Integration with glue

[no-more]

Hello,

Sorry for this newbie question but I couldn't figure out how to register and configure this plugin with glue manifest. I don't know what to put in options, I don't even know it this is possible with glue?

Thanks.

[nelsonic]

@no-more great question, really sorry that is unclear from our Docs.
At present this plugin does not support glue out-of-the-box.
are you using glue in your project...?

(only one other person has requested glue support, so it has not yet been a priority for us...)

[vdeturckheim]

I don't see any straightforward way to do this using Glue.
The solution I use and recommend is to build a plugin around hapi-auth-jwt2.
Take a look at this repo: https://github.com/vdeturckheim/sticky_auth
I created a plugin around hapi-auth-basic to assess my needs.

[vdeturckheim]

@nelsonic a glue usage out of the box seems complicated to me. At least it will need a very careful design since everyone is using a different database or have different need (I decorate my auth objects with scopes for instance).
A solution I see would be to let the conf object accept the reference to a node module exposing the functions needed:

{
    "functionsHome": "myFcts"
}

with myFcts being a module exposing a validate function.

However I see 2 enhancements we could easely make here:

• let use redis out of the box (just provide access to instance)
• allow to drop the following lines in favor of configuration:

    server.auth.strategy('jwt', 'jwt',
    { key: 'NeverShareYourSecret',          // Never Share your secret key
      validateFunc: validate,            // validate function defined above
      verifyOptions: { algorithms: [ 'HS256' ] } // pick a strong algorithm
    });

    server.auth.default('jwt');

[no-more]

Hi,

thanks for your fast answers, yes I'm currently using glue and try to put every plugin configuration within it.
I'm building it with a manifest.js file which allow me to put stuff dynamically within it, but I'm not sure if it's possible to define function in the final manifest file.
I think, but I'm not sure, I've seen something like this somewhere but can't find it anymore.

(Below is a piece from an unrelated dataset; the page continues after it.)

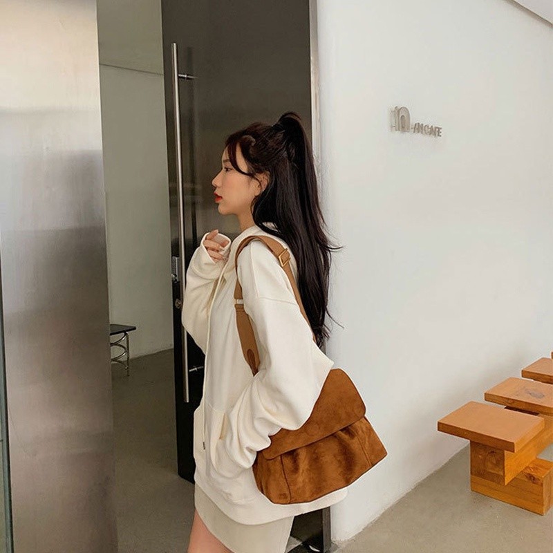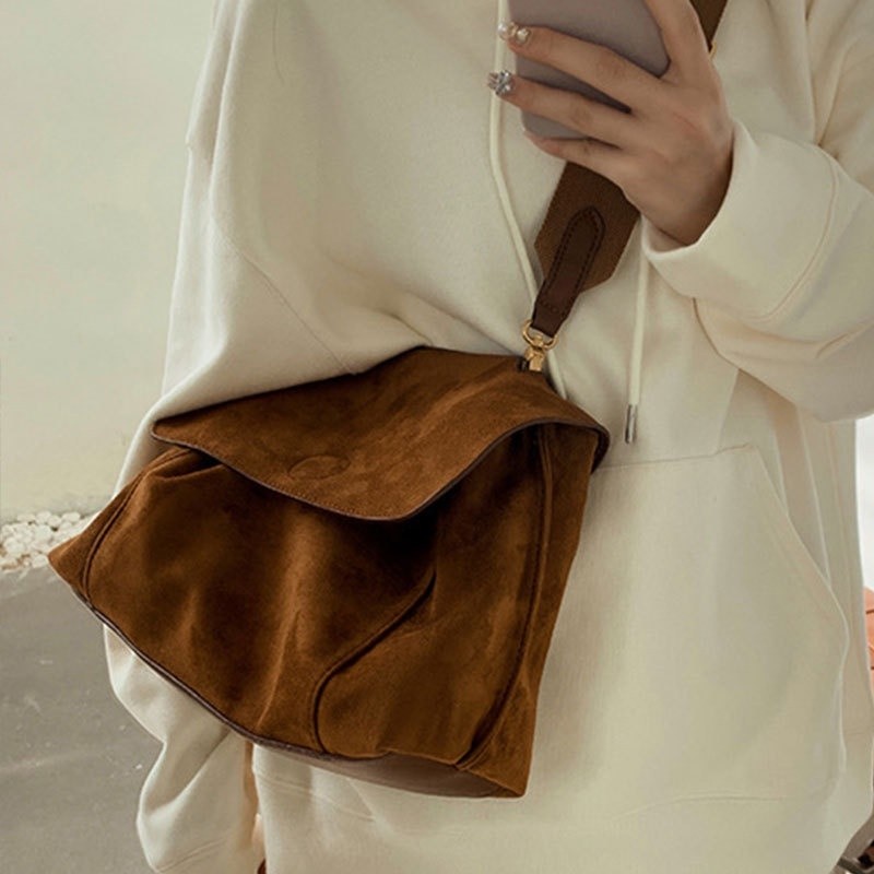 IELGY women's matte suede large capacity all-match college style messenger briefcase

I'm quite new to nodejs & hapi, I'm just trying to build a boilerplate for my next project so I'm trying to find best practices, that's why I'm trying to use glue which seems to be the new way to do things in hapi.

Thanks.

[vdeturckheim]

The only time I've seen functions in manifest would be here https://github.com/hapijs/rejoice
There is a possibility for preConnections and preRegister method.
You can take a look at my sticky repos. I created them to show the use of Glue to @nelsonic actually ;)

[Miguel-Herrero]

Hi, I was considering using this plugin for my hapijs project, but as I'm using Glue and I read here that it's not supported, I don't know if I can plug it easily…

(I started using Glue because the official hapijs tutorial teaches to use it…)

[nelsonic]

@Miguel-Herrero glue is nice but fewer than 8% of Hapi projects use it...

[Miguel-Herrero]

Oh, I didn't know that @nelsonic Thanks for the info.

I guess a hapijs app is more configurable without Glue?

[nelsonic]

@Miguel-Herrero glue is a really nice way of composing your Hapi.js app.
Its just not used by that many apps/teams... I have been tempted to use it, but feel that I don't need an additional layer of abstraction when Hapi already allows me to write my app declaratively...
However, we could add glue support if more people request it...

[mikefrey]

I'd love to see glue support. We use rejoice which uses glue internally. It's a great way to force you to write everything in plugins, which in turn, forces you to design with modularity and maintainability in mind.

[avanslaars]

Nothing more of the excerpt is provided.